Berlin architecture photographed with the Minox 35GT

The Minox 35GT: a small, light camera, perfect for travel

I just hate being weighed down by camera gear when walking around, a feeling I’m sure many of you share. That’s why I decided to bring along the smallest pocket camera of its generation (according to the ads from the 1980’s): a Minox 35GT. And I have to say that it keeps its promise of compactness, certainly when compared to other cameras that I own.

It settles in the hollow of my hand during the afternoon, and it is still there when night falls. I’m reminded of it when I see an interesting subject, and then I totally forget about it. It might be the only camera in my collection with an in-built meter; no need to carry my old Lunasix to measure light.

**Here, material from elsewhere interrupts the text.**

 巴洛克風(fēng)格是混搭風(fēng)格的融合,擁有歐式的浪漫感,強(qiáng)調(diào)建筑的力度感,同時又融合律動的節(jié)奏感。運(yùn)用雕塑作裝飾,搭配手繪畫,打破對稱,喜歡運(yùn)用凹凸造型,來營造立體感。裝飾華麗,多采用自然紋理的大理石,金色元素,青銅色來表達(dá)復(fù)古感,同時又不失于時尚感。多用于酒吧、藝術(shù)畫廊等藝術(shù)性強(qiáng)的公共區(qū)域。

How to be a versatile photographer

The Minox 35GT is really well made and is very pocketable. In my opinion, the 35mm focal length of its Color-Minotar lens is ideal for street photography, some landscape photography, and travel photography in general. The lens is lovely and has a special rendering quality, producing contrasty pictures that are sufficiently sharp. I feel that the Minox has a distinct photographic signature. Some people say that it delivers really saturated colors but I can’t comment, since I’m a black-and-white shooter.

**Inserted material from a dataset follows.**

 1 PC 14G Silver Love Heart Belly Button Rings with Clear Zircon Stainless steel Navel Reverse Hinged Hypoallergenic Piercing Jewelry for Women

Berlin streets photographed with the Minox 35GT



Berlin how long is now street art photographed with the Minox 35GT

For this trip, I chose one of the photojournalists’ favorite films to shoot in the 35GT: Ilford HP5. What is interesting about this film is its capacity to produce clean images even if pushed, which allows shooting in every type of light. One roll was exposed at 400 ISO, another at 800 ISO.  The Minox’s meter is limited to 1600 ISO, which, for most circumstances with available light, is perfectly adequate.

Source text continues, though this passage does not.